Multiple news in the last few days points towards Twitter and Facebook becoming serious forces in the world of “local”.
First, in yet another chapter of Twitter’s improvements to become locally relevant, it has started rolling out its “local trends” for a series of US cities and ome countries (probably based on the ones with the most usage).
Screenshot source: Techcrunch
On a related note, the Kelsey Group analysts issued five predictions for 2010 and one of them is “location and geotargeted advertising will represent a long-elusive revenue stream for Twitter and for third parties that mash up Twitter streams and location data.” They also suggest Facebook will also “integrate automatic location detection
into the status updates” .
Third, supporting the permanent shift of user behavior towards sites like Facebook and Twitter, Forrester reports that “a third of all Internet users in the U.S. now post status updates on social networking services like Twitter and Facebook at least once per week.”

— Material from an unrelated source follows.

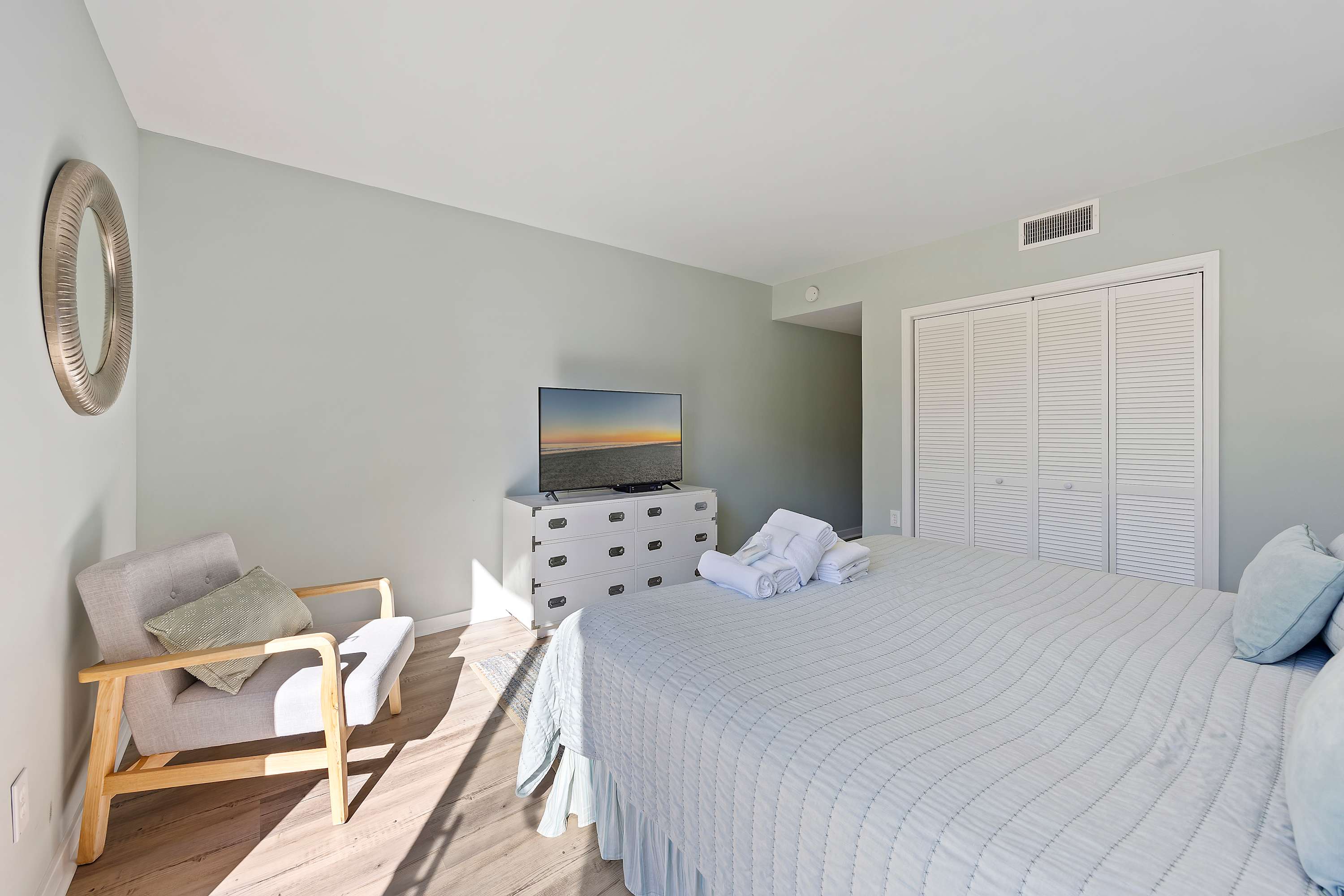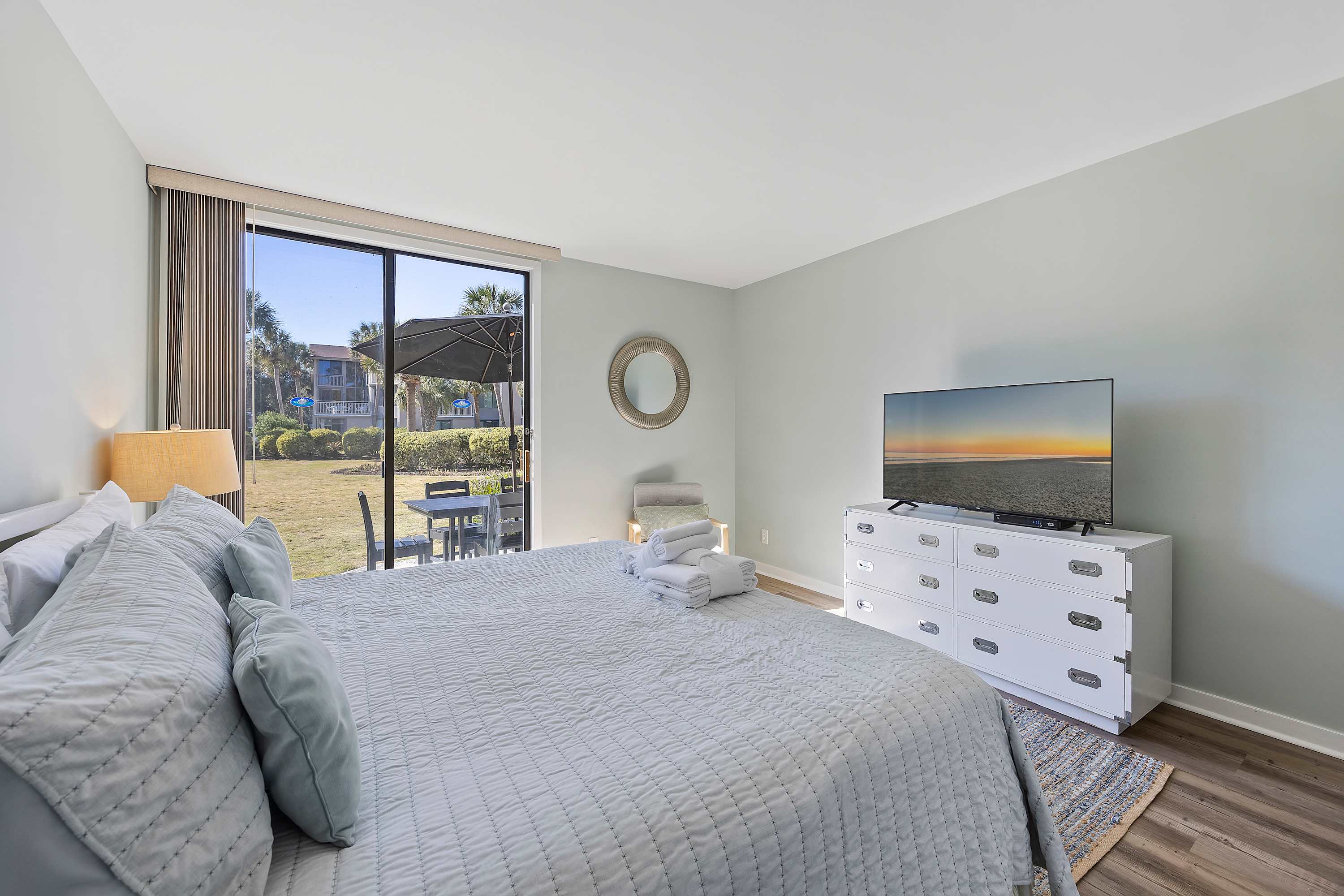 Spacious Master Suite: King-sized bed, Smart TV, ensuite bath with walk in shower, cable TV, and walk-out patio access, and picturesque views of the community.

Fourth, David Hornik, a well-known American investor, recently attended a Procter & Gamble (P&G) outreach event in Silicon Valley. Asked what they thought of Twitter, Hornik writes: “To P&G, Twitter is a great broadcast medium — it is best for one to many communications that are short bursts of timely information — but as good as it is for timely information, the P&G folks do not view it as particularly relevant to what they are doing on the brand building and advertising side. For those things that Proctor & Gamble thinks are most interesting and important, they do not believe that Twitter will ever approach the value they can get out of a Google or Facebook.” This reminds me of what big brands think of Yellow Pages as a medium. They don’t understand it but it’s still drives business for millions of advertisers. Twitter will be (is?) all about the same thing. And for the record, I’ve always thought packaged-goods companies could have made a killing with Yellow Pages by making their product information locally-relevant…
Fifth, Hitwise’s traffic reports in Australia (as reported in ReadWriteWeb) show that “For perhaps the first time ever, social networking sites have surpassed the traffic search engines receive”. That would explain why in the long run Google is afraid of the new conversational capacity of sites like Facebook and Twitter. And why they’re racing to
introduce social functionalities within Google Maps.